# Immune modulation in response to coffee intake: a pilot study

**Authors:** M. Bleffgen, R. Lang, K. Rogal, V. Somoza, Thomas Skurk

PMC · DOI: 10.1007/s00394-026-03913-z · 2026-02-16

## TL;DR

This study explores how coffee and caffeine affect immune responses in healthy people, finding that pure caffeine has a stronger anti-inflammatory effect than coffee.

## Contribution

The study is the first to directly compare immune modulation by coffee versus caffeine alone in humans.

## Key findings

- Pure caffeine significantly reduced pro-inflammatory cytokines like IL-17A, IL-12p70, and IL-2.
- Coffee and caffeine both modulate immune homeostasis but with distinct cytokine responses.
- Bioactive compounds in coffee beyond caffeine contribute to its immunological effects.

## Abstract

Coffee consumption has been associated with various health benefits; however, the underlying biological mechanisms remain poorly understood. In particular, the acute effects of coffee on circulating cytokines and the specific role of caffeine compared with the whole coffee matrix are still insufficiently characterised in humans. To our knowledge, no previous human study has directly compared immune modulation by coffee versus caffeine alone. We therefore aimed to elucidate the effect of a usual caffeine dose of 130 mg on postprandial cytokine secretion, and whether responses differ between coffee and pure caffeine.

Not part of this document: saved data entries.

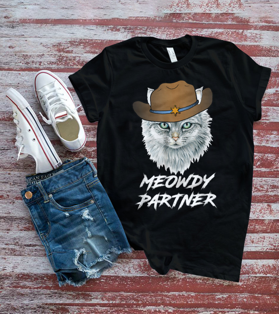 Meowdy Partner Cowboy Cat With Sheriff's Hat And Star Badge T-Shirt
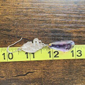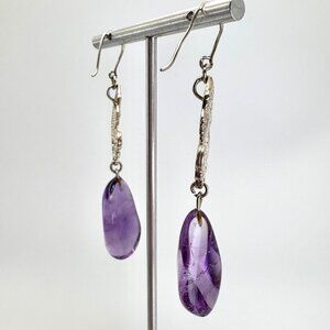 Sterling Silver 925 Amethyst Nugget Victorian Lady Dangle Earrings 3" Length
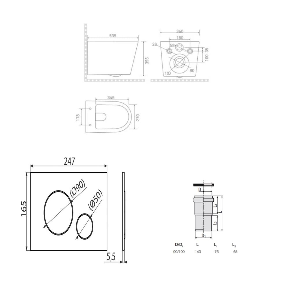 - Type de produit : ensemble WC suspendu sans bride + abattant SoftClose

In a randomized pilot trial, ten healthy volunteers completed three test days receiving either a coffee brew, an aqueous caffeine solution (each 130 mg caffeine/100 ml), or water. Quantitative analysis of caffeine was performed with UHPLC-MS/MS, immune markers were measured by a multiplex immunoassay.

Our study demonstrates that both caffeine and coffee consumption influence the immune homeostasis, albeit with notable differences on cytokine secretion. Pure caffeine induced a higher anti-inflammatory response, as evidenced by the significant decrease in pro-inflammatory cytokines such as IL-17 A, IL-12p70, and IL-2 compared to coffee and water. The integrated response on the immune system is exemplified by the decrease of the pro-inflammatory IFN-γ (0.649 ± 0.068) and the anti-inflammatory IL-10 (0.478 ± 0.043), vs. baseline, respectively.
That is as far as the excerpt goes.